ReGenesees-package.Rd
ReGenesees is an R package for design-based and model-assisted analysis of complex sample surveys. It handles multistage, stratified, clustered, unequally weighted survey designs. Sampling variance estimation for nonlinear (smooth) estimators is obtained by Taylor-series linearization. Sampling variance estimation for multistage designs can be obtained both under the Ultimate Cluster approximation or by means of an actual multistage computation. ReGenesees offers comprehensive and advanced functionalities for calibration of survey weights. Estimates, standard errors, confidence intervals and design effects are provided for Horvitz-Thompson and Calibration estimators of: Totals, Means, absolute and relative Frequency Distributions (marginal, conditional and joint), Ratios, Shares and Ratios of Shares, Multiple Regression Coefficients and Quantiles (variance via the Woodruff method). ReGenesees also handles Complex Estimators, i.e. any user-defined estimator that can be expressed as an analytic function of Horvitz-Thompson or Calibration estimators of Totals or Means, by automatically linearizing them. The Design Covariance and Correlation between Complex Estimators is also provided. Moreover, the package can compute estimates and sampling errors of complex Measures of Change derived from two not necessarily independent samples. All the analyses above can be carried out for arbitrary subpopulations. In addition, ReGenesees can trim calibration weights while preserving all the calibration constraints, and perform ‘special purpose calibration’ tasks, i.e. can calibrate on complex population parameters like Multiple Regression Coefficients. ReGenesees also offers a Generalized Variance Functions (GVF) infrastructure, i.e. facilities for defining, fitting, testing and plotting GVF models, and to exploit them to predict variance estimates. Lastly, the package offers simple survey planning tools to estimate sample size requirements and perform power calculations.
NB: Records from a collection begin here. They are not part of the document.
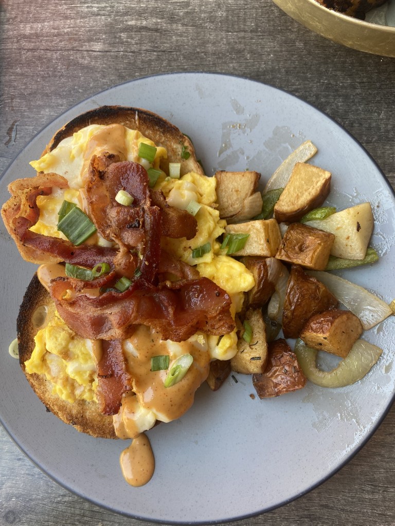 This was my first time trying an open-faced sandwich, let alone breakfast style. Pairing spicy chipotle with a bagel had never really crossed my mind, but pairs so well with all the other breakfast items. I would have preferred the bacon be chopped into smaller pieces so it doesn’t fall off every time you try to take a bite, but that’s a super small grievance.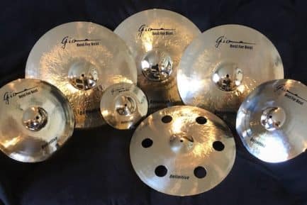 Drums: DW Design Series Acrylic w/ True Hoops. 6×14 Black Ice Sparkle Edge Snare drum (maple center), 6.5×14 Ribbed Brass over Steel (spare snare drum.) Rack Toms: 8×10, 9×12, Floor Toms: 12×14, 14×16, 16×18; Bass Drum: 18×22 Bass Drum w/…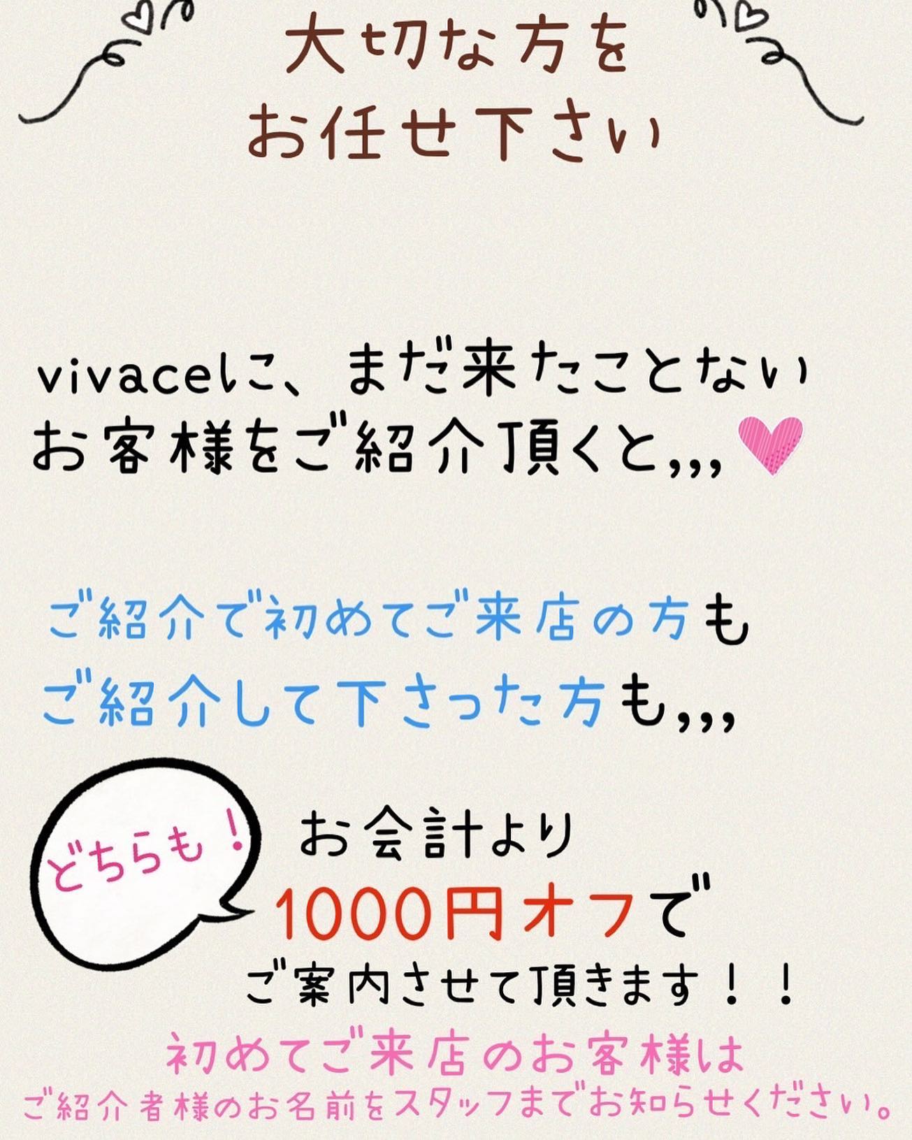 vivaceのご紹介特典をどうぞご利用ください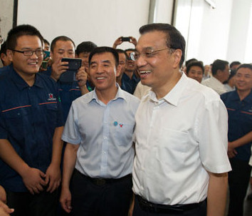 24日李克強總理考察景津環保,董事長姜桂廷(中)陪同介紹
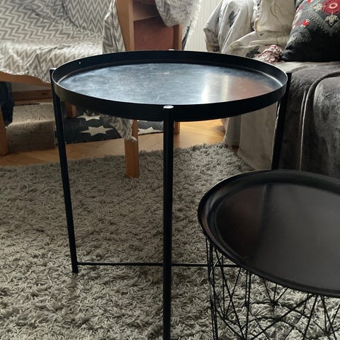 Svart runt sidobord tillverkat i metall. Bordet har en rund bordsskiva och ett enkelt, stabilt underrede. Passar för användning som sidobord eller avlastningsbord både inomhus och utomhus. Hämtas av köpare.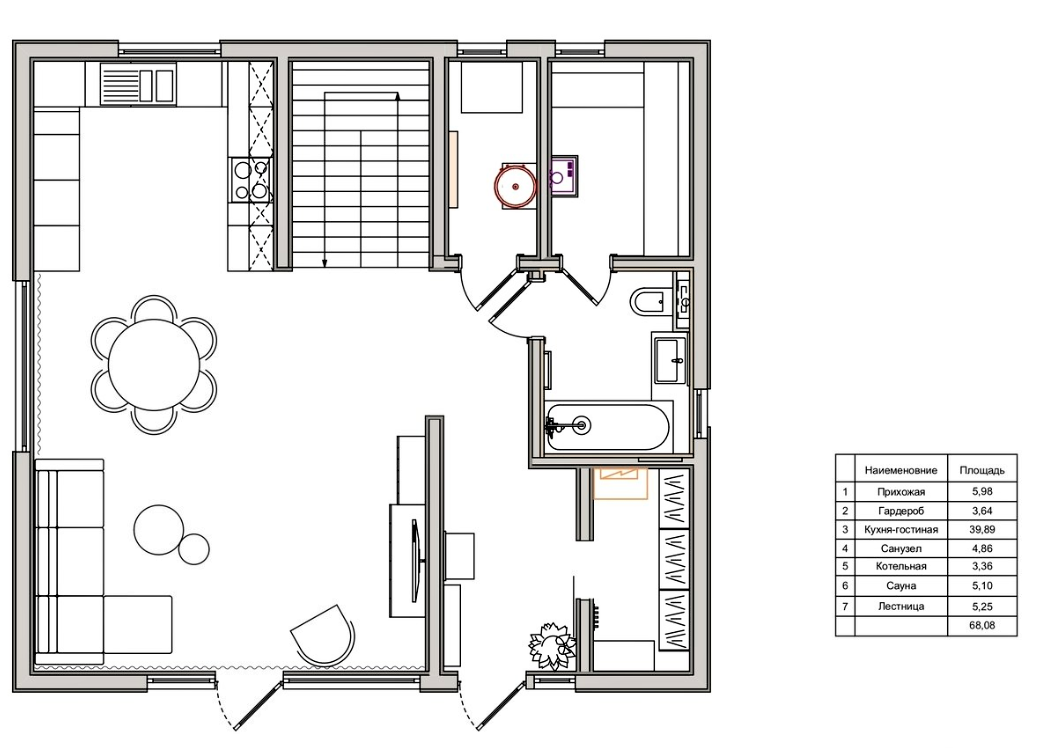 Наши герои построили этот дом в Ленинградской области. Здесь они планируют жить со своей семьей. Изначально, был построен лишь каркас дома, без планировки. Поэтому, чтобы создать грамотную планировку с функциональным интерьером, они на этапе проектирования обратились к дизайнеру. Проект Прихожая Стены в прихожей имеют светлый оттенок. Напольное покрытие выложено крупноформатным керамогранитом. Благодаря большому окну возле входной двери, здесь всегда много естественного света, что является редкостью для прихожей. Слева разместили обувницу с пуфом, а справа организовали просторную гардеробную за сдвижной дверью. Кухня-гостиная Основную площадь первого этажа отдали под кухню с гостиной. Напольное покрытие тоже из керамогранита. Стены обшиты деревом и имеют нейтральный цвет. Кухонный гарнитур напоминает букву П. Фасады серые. В функциональных колонах находится бытовая техника и дополнительные секции для хранения. Между кухней и гостиной расположилась обеденная группа. Обеденный стол допол

The ReGenesees package is the fundamental building block of a full-fledged R-based software system: the ReGenesees System. The latter has a clear-cut two-layer architecture. The application layer of the system is embedded into package ReGenesees. A second R package, called ReGenesees.GUI, implements the presentation layer of the system, namely a user-friendly Tcl/Tk GUI.
This reference manual reports a documentation entry for each (user visible) function of package ReGenesees. As you may have noticed by reading section ‘R topics documented’ (page 1 of the pdf manual), these documentation entries are automatically sorted according to the alphabetic ordering of the names of the functions. Such an ordering doesn't provide any clue about where should a user start reading, nor on the best way to proceed further.
In section ‘Table of Contents’, I tried to cluster the most important topics documented in the reference manual into few broad groups, based on both the statistical goals and on the software design of the underlying functions.
Moreover, I provided a relevance code for each documented topic/function.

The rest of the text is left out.